1. (42 points total) Running decision tree and simple Bayes inducers in WEKA and MLC++.

In your web browser, open the URL

http://www.cs.waikato.ac.nz/~ml/weka/

Download the Waikato Environment for Knowledge Analysis (WEKA) v3.2.3 (GUI version © 2002 I. H. Witten, E. Frank, et al.) to your local system (this can be a Windows, Unix, Mac, or other system, but the binaries are precompiled for ix86 Linux. Follow the instructions in the WEKA3 manual for installing it into your home directory.

a) (12 points) Your solution to this problem must be in MS Excel, PostScript, or PDF format, and you must use a spreadsheet (I recommend GNUmeric or Excel 2000/XP) to record your solution. Follow the instructions in the WEKA3 User Guide (also in your first notes packet) to run the ID3 inducer on the Credit (CRX) and Vote data sets from the UCI Machine Learning Database Repository:

http://www.ics.uci.edu/~mlearn/MLRepository.html

Use the .test files for testing. Turn in the ASCII file containing the decision tree and another file (.xls, .ps, or .pdf) containing a table of test set accuracy values for each data set. (For the next machine problem, you will compare the ID3 results – accuracy, overfitting, example learning curves – with Simple Bayes and C4.5.)

b) (20 points) Develop a classification-based solution, using the ID3 and Simple (Naïve) Bayesian inducers in WEKA, to the prediction task in the COIL 2000 (Dutch Insurance Company) challenge problem from the UCI KDD Repository:

http://kdd.ics.uci.edu

http://kdd.ics.uci.edu/databases/tic/tic.html

Read and think about the domain carefully first – do not simply throw potential solutions (inducers) at the problem.

For instance, you must decide what kind of discretization you want.

Your solution should include a paragraph on bias towards comprehensibility (Michalski, 1993) and how your inducer(s) apply or do not apply this bias.

c) (10 points) Repeat the process from part (a) with the Feature Subset Selection (FSS) inducer, which you can read about in the MLC++ user guide (http://www.sgi.com/tech/mlc). You may use the MLC++ database version of CRX and Vote:

http://www.kddresearch.org/Resources/ (db.tgz)

The wrapped inducer should be ID3. Report both test and training accuracy. Think carefully about how to generate training set accuracy. Note: MLC++ is installed on the KDD Core Red Hat Linux systems ({Ringil | Frodo | Samwise | Merry | Pippin}.cis.ksu.edu) as Inducer (use which and whereis to locate it locally).

2. (10 points) Running Feedforward ANNs in NeuroSolutions.

Download the NeuroSolutions 4 demo from http://www.nd.com and install it on a Windows 98/Me/XP Home or NT4/2000/XP Pro machine. NS4 is installed on the “hobbits” (4 Pentium Pro workstations dual-booting Windows 2000 Professional and Red Hat Linux 6.2, located in 227 Nichols Hall), and you may log in with your CIS login to use them.
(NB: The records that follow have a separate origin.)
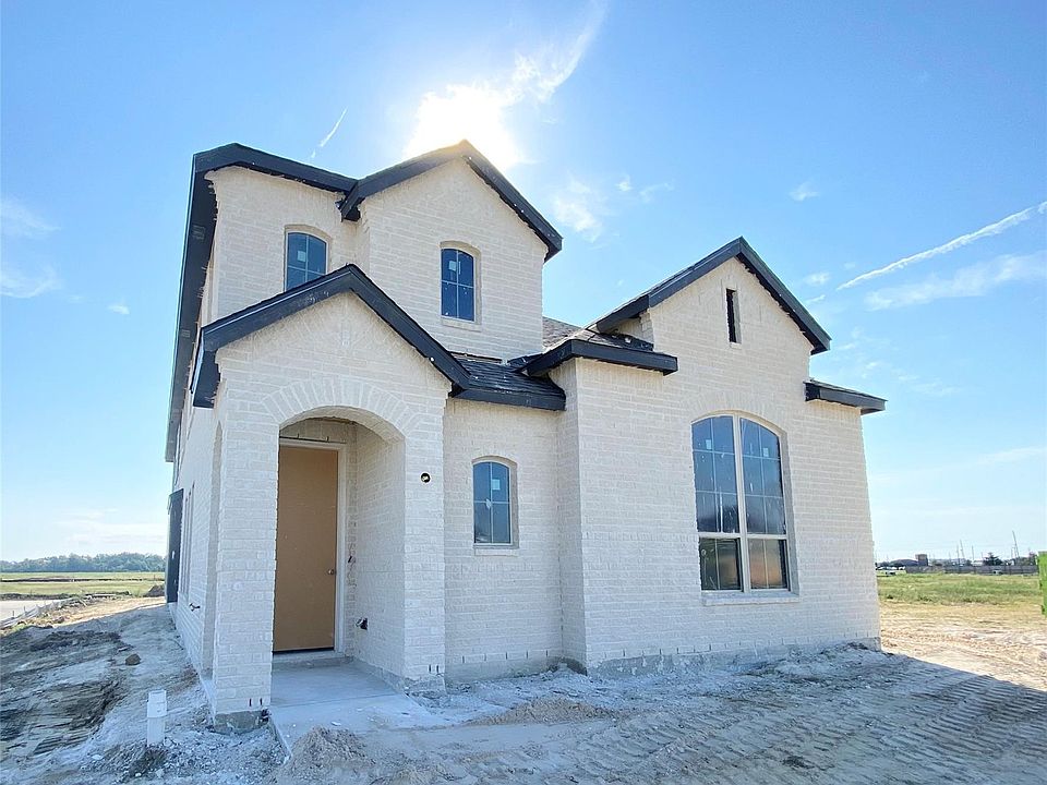 The London is a beautiful, all-brick home with two-story entryway creating a grand entry & the floor to ceiling windows give a bright and airy feel. Kitchen features stunning quartz countertops and island with bar stool seating opens to the dining & family room. Light wood look flooring throughout the main living areas. The kitchen flows into the dining room with a window seat—a great plan for someone who enjoys open space & high ceilings. The loft area with a window seat makes nice use of space upstairs. Spacious primary bedroom features a spa-like bathroom with a beautifully tiled shower. All 5 bedrooms have large walk-in closets. The covered extended outdoor living area is perfect for relaxing and entertaining. 8-foot doors throughout the first floor, tankless water heater system, full sod yard & sprinkler system are also included. Close proximity to top rated schools, dining, shopping, recreation center & golf course! SOME PHOTOS ARE REPRESENTATIVE - HOME UNDER CONSTRUCTION NOW
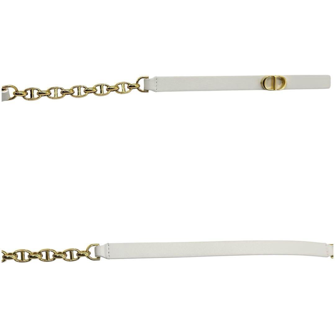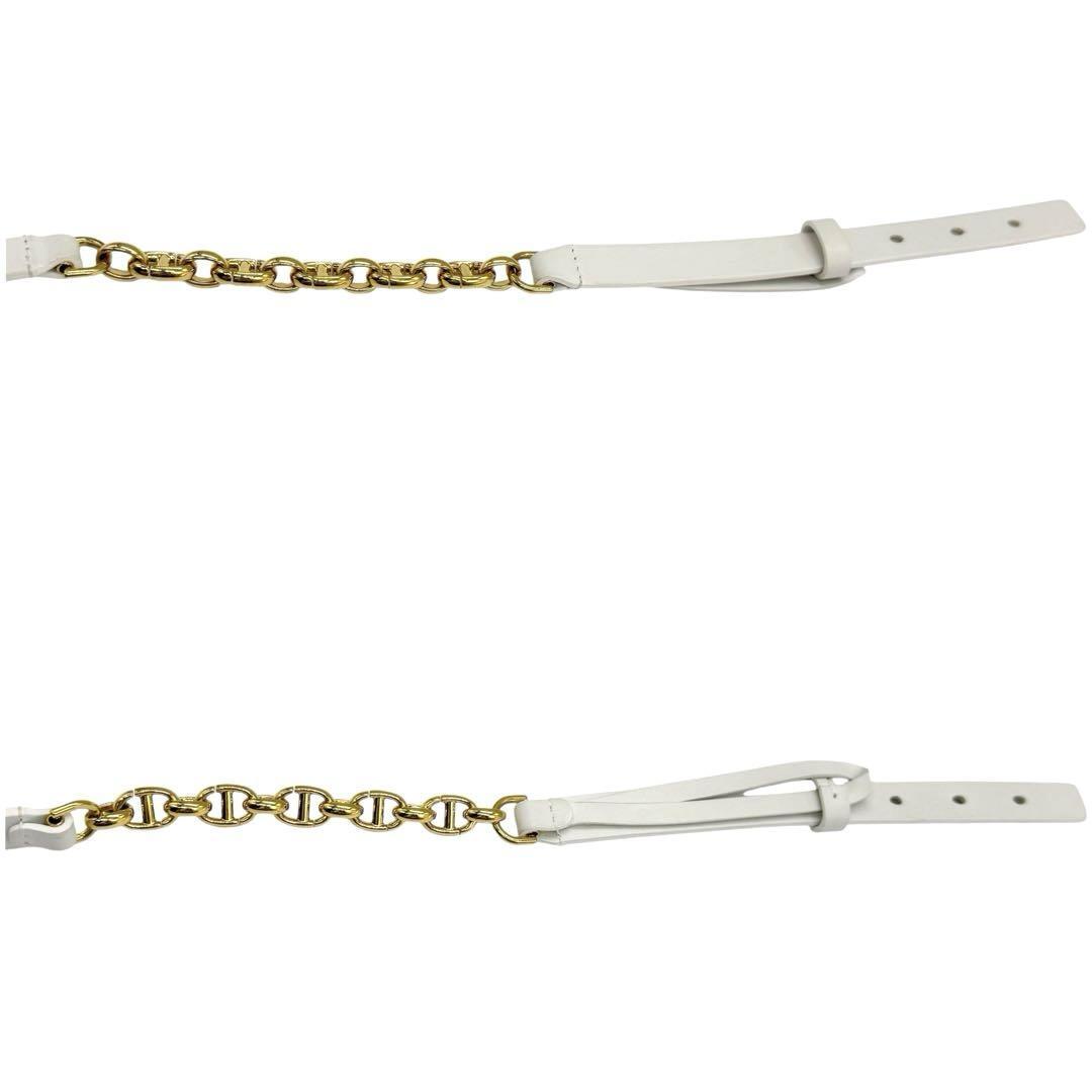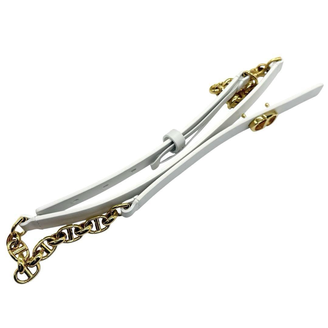 光沢のあるホワイトレザーにゴールドのチェーンが優雅に絡み合い、上品なコントラストを生み出します。
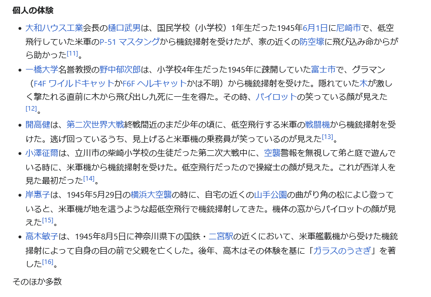 | … | 25無念Nameとしあき26/02/25(水)21:24:13No.1390017887+実際に戦闘機からの機銃は多くの人が体験してるから「米軍機からの機銃攻撃があった」は事実だろう |
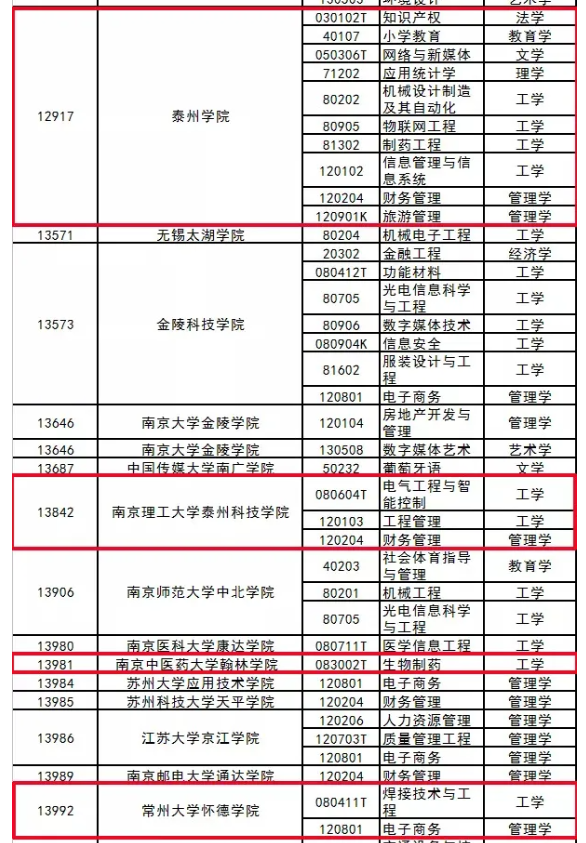 其中,泰州学院新增10个,南京理工大学泰州科技学院新增3个,南京中医药大学翰林学院新增1个,常州大学怀德学院新增2个。
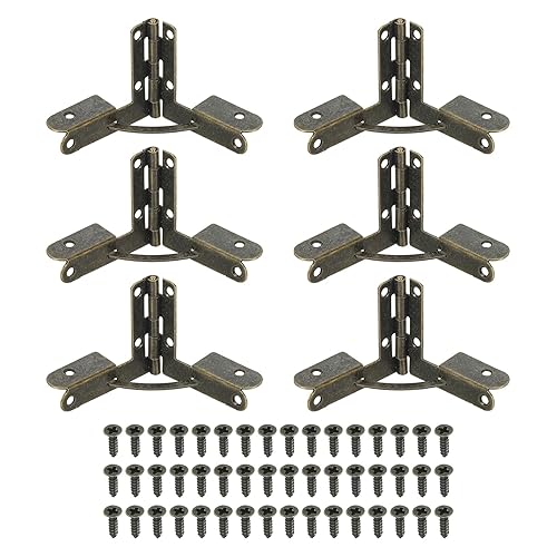 90度折りたたみサポートヒンジ6個パック。サイズ1.2インチ x 1.4インチ。家具やジュエリーワインキャビネットに最適。ネジ付きで取り付け簡単。色はブラウン。
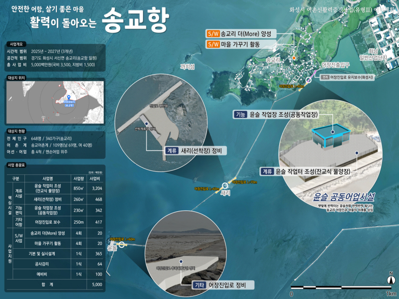 총 50억 원을 투입해 송교항 일대를 정비할 계획이며, 주요 사업으로는 ▲물양장 및 공동작업장 조성 ▲어장진입로 및 선착장 보수가 포함됩니다. 이달 중 기본계획 및 인허가 사전 검토에 착수해 2027년 준공을 목표로 추진됩니다. /hursunny1015@sedaily.com
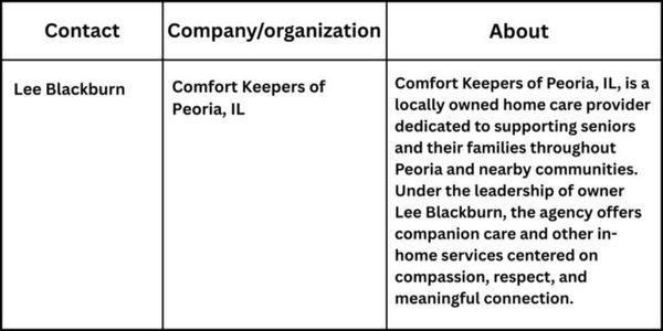 “Companion care brings comfort, conversation, and dignity into the home, helping seniors feel seen, valued, and supported each day,” said Lee Blackburn, owner of Comfort Keepers of Peoria, IL.
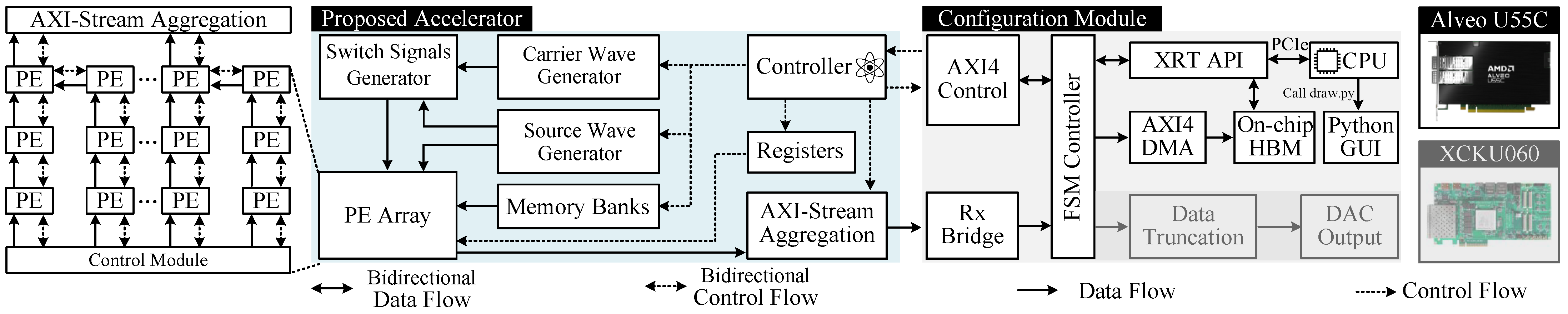 The overview of proposed hardware architecture. Our design can support traditional FPGAs with hardware in loop and advanced FPGAs with accelerator card framework.
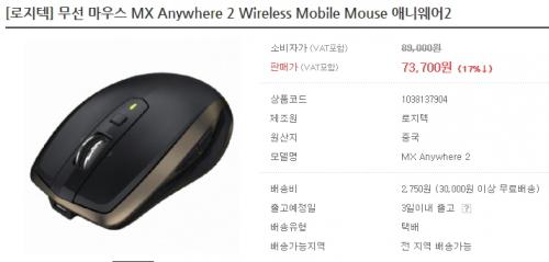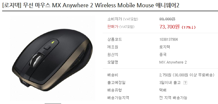[인터파크아이마켓] 로지텍 무선 마우스 MX Anywhere 2 Wireless Mobile Mouse 애니웨어2 (73,700원/무료배송) > 상품홍보
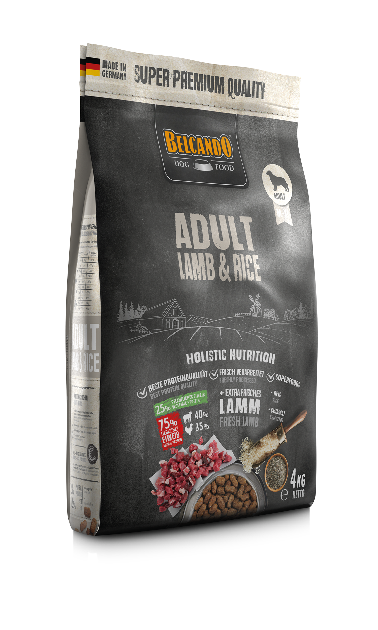 BELCANDO® Adult Lamb & Rice on erittäin hyvin sulava ja erityisen hyvin siedetty holistinen ruokavalio, joka soveltuu annettavaksi kaikkein herkimmillekin koirille. Se sisältää paljon lammasta ja hyvin sulavaa riisiä. Chian siemenet auttavat ruoansulatusta ja ovat oivallinen elintärkeiden rasvahappojen lähde. Proteiini- ja rasvasisältö on sovitettu normaaliaktiivisen koiran ravintotarvetta vastaaviksi.
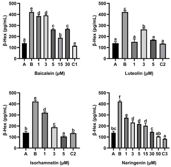 Effect of four flavonoids on the release of β-Hex from KU812 cells induced by ω-5 gliadin-derived peptide P4. A (blank group): Only KU812 cells; B (control group): 150 μg/mL ω-5 gliadin-derived peptide P4+KU812 cells; C1 (positive control group): 30 μM ketotifen fumarate + KU812 cells; C2 (positive control group): 5 μM ketotifen fumarate + KU812 cells; C3 (positive control group): 50 μM ketotifen fumarate + KU812 cells. Note: different letters indicate significant differences between groups (p < 0.05).
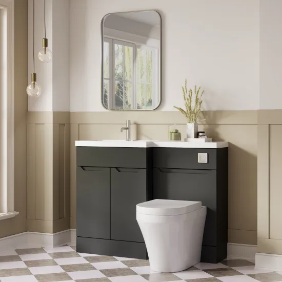 Nuie Lux Loave 1100mm Full Depth Combination Unit & L-Shaped Basin - Left Hand - Soft Black
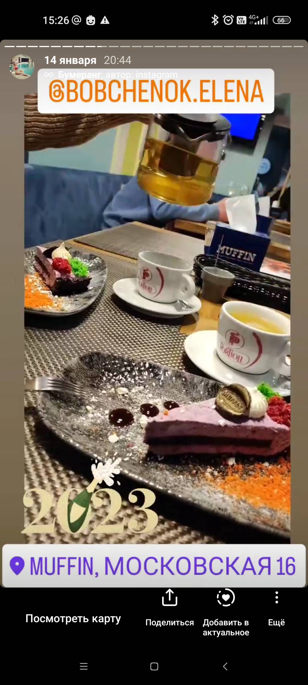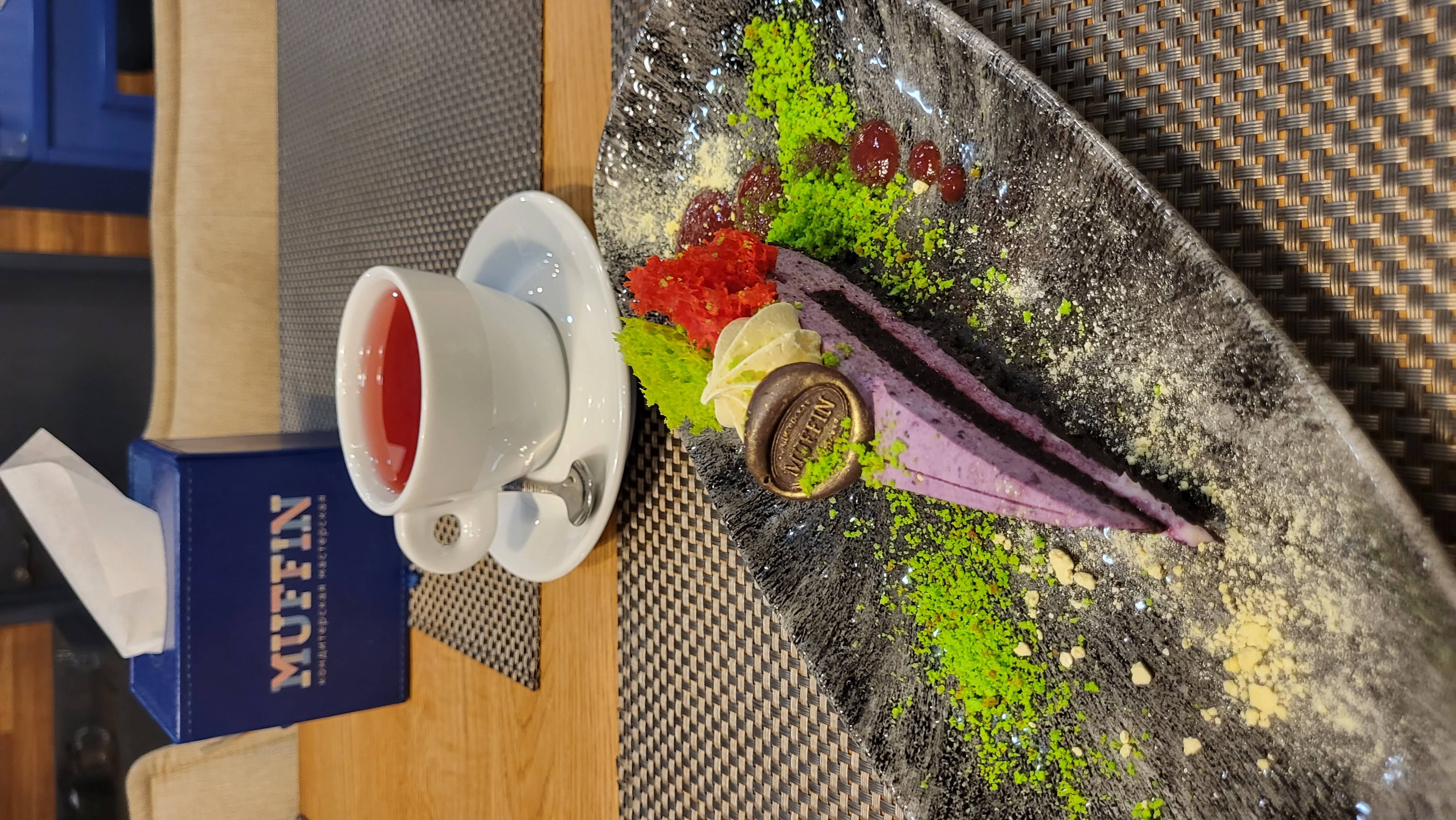Покупала сет "Два чизкейка с голубикой+парный чай" 12 апреля за 10 рублей. Очень вкусные и свежие чизкейки (их можно было купить только по сливочному купону) и чай, приятное и быстрое обслуживание, малое количество людей (посещала кафе около 18.30 в будний день). Я ооочень спешила и у меня было мало времени, однако девушка-официант все сделала и принесла максимально быстро. Кафе-ресторан "Muffin" рекомендую и вернусь сюда снова, хоть и купоны, и сеты подорожали. Спасибо!

Use the NeuralBuilder wizard (which is fully documented in the online help for NeuroSolutions 4) to build a multilayer perceptron for learning the sleep stage data provided in the example data directory. Your training data file should be Sleep1.asc and your desired response file should be Sleep1t.asc. Use a 15% holdout data set for cross validation. Report both training and cross validation performance (mean-squared error) by selecting the appropriate probes in the wizard or stamping them from the tool palettes, and recording the final value after training (for 2000 epochs, twice the default). Replace the sigmoidal activation units with linear approximators to the sigmoid transfer function. Finally, double the number of hidden layer units. Turn in a screenshot showing the revised network, the progress bar, and the MSE values after training.

3. (48 points) Implementing Simple Bayes. http://snurl.com/2eth The specification for this problem shall match exactly. There will be a follow-up using your code in later MPs, so it is a good idea not to skip this one.

Extra credit

(10 points) Try the MATLAB Neural Network toolkit on Sleep1 and report the same results for a feedforward ANN (specifically, a multi-layer perceptron) trained with backprop. This package can be found on the KDD Core systems, including a Windows version installed on the Linux Dwarves.